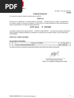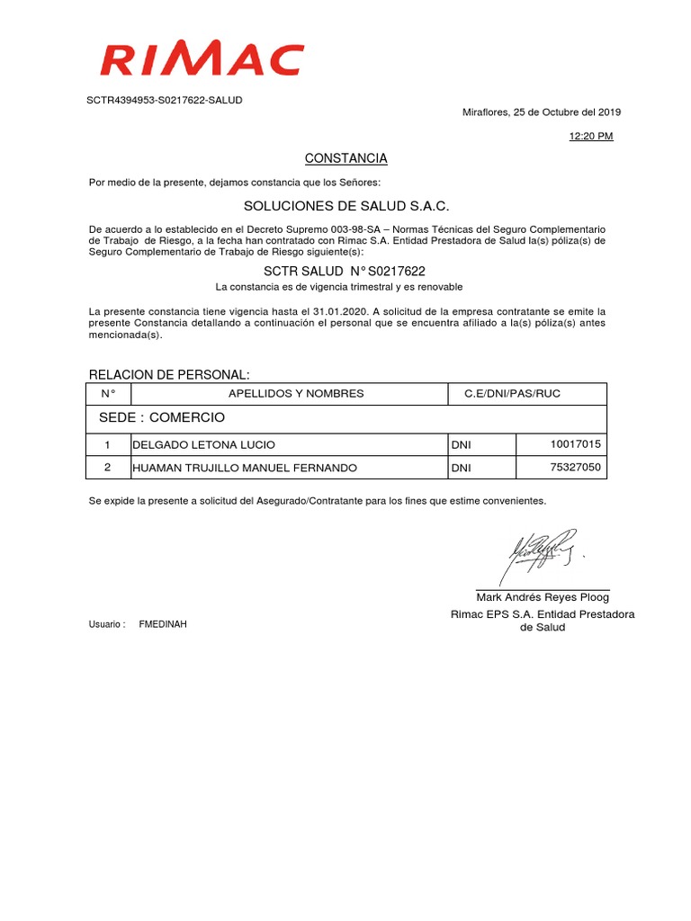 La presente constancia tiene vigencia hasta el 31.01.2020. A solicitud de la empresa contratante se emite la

########

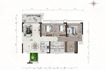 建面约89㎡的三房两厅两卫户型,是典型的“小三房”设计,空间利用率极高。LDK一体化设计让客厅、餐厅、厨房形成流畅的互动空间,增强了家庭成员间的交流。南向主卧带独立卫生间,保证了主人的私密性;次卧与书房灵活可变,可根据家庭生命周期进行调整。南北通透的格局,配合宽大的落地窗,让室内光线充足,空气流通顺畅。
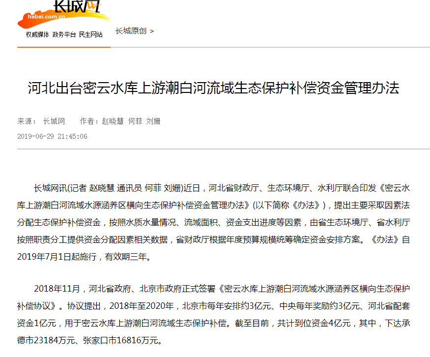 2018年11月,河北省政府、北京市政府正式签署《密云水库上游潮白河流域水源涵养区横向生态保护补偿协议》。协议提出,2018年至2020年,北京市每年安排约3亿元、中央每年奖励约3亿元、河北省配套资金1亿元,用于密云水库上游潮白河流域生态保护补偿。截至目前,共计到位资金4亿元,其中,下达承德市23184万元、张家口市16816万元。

########

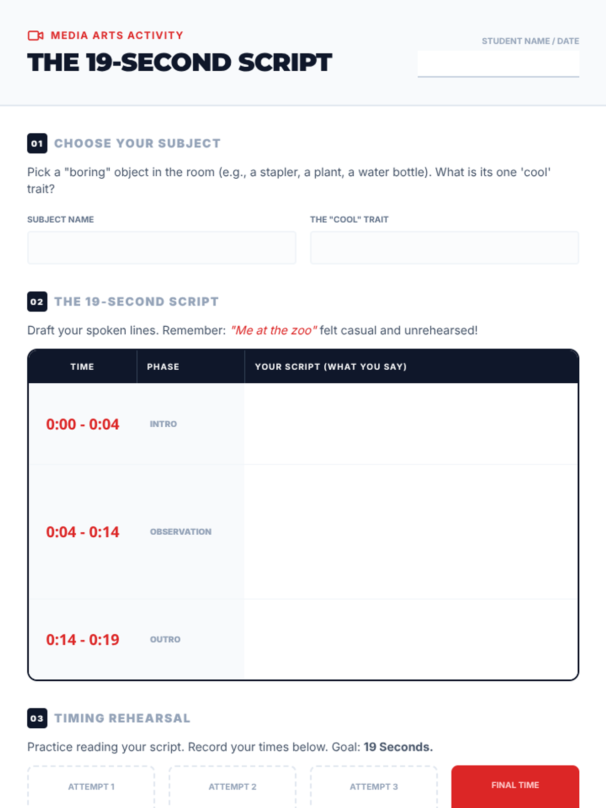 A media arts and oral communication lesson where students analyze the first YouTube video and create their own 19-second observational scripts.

########

In the listing above, find the line with "建面约89㎡的三房两厅两卫户" and output it and every line after it up to and including the line with "2018年11月,河北省政府", exactly, minus the pictures.

 建面约89㎡的三房两厅两卫户型,是典型的“小三房”设计,空间利用率极高。LDK一体化设计让客厅、餐厅、厨房形成流畅的互动空间,增强了家庭成员间的交流。南向主卧带独立卫生间,保证了主人的私密性;次卧与书房灵活可变,可根据家庭生命周期进行调整。南北通透的格局,配合宽大的落地窗,让室内光线充足,空气流通顺畅。
 2018年11月,河北省政府、北京市政府正式签署《密云水库上游潮白河流域水源涵养区横向生态保护补偿协议》。协议提出,2018年至2020年,北京市每年安排约3亿元、中央每年奖励约3亿元、河北省配套资金1亿元,用于密云水库上游潮白河流域生态保护补偿。截至目前,共计到位资金4亿元,其中,下达承德市23184万元、张家口市16816万元。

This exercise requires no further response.